Abbas also spoke out in favour of the exhumation of veteran Palestinian leader Yasser Arafat's body to establish the cause of his death and revealed Russia was involved in the efforts.

"We're going to the United Nations in November 2012, not 2013, or 2014," Abbas said at an event commemorating the eighth anniversary of the death of Arafat.

"Israel's hysterical reaction to our U.N. bid is due to its desire to continue the occupation and we are under pressure of late from multiple parties to waive our just demand, but we will not," Abbas added.
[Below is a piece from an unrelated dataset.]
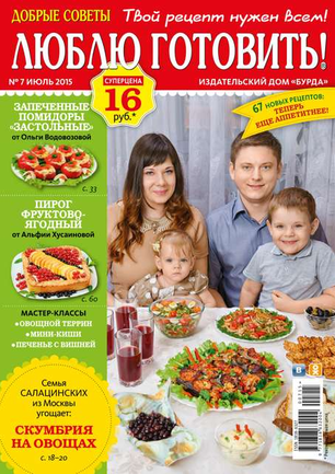 «Добрые советы. Люблю готовить!» — журнал о вкусной еде, не похожий на другие кулинарные издания. Все опубликованные в нем рецепты присланы в редакцию самими читателями. Каждый рецепт прошел конкурсный отбор, а его автор получил денежный приз. Ежемесячно на страницах журнала — более 100 коронных блюд, которые многократно проверены опытными хозяйками и которые можно смело брать в свою коллекцию рецептов тем, кто любит баловать родных и удивлять гостей.
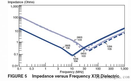 下面我们看一些X7R材质瓷片电容的频率特性:

His spokesman Nabil Abu Rudeina revealed later on Sunday that U.S. President Barack Obama told Abbas that his administration opposes the Palestinian bid for non-state membership.

"There was a long telephone conversation," he told AFP. "Obama expressed the opposition of the United States to the decision to go to the U.N. General Assembly."

Abbas explained "the reasons and motives for the Palestinian decision ... including the continued (Jewish) settlement activity and Israeli aggression against citizens and property."

Israel and the United States are both opposed to the Palestinian plan, insisting that a Palestinian state can only result from peace negotiations, which have been suspended for the past two years.

Palestinian envoys to the United Nations on Thursday unveiled the resolution they plan to submit to the General Assembly seeking observer state status.

The resolution would call on the assembly to accord observer membership and urge the U.N. Security Council to "consider favorably" an application Abbas made for full membership last year.

The Palestinian application stalled over the opposition of the United States, which wields veto powers.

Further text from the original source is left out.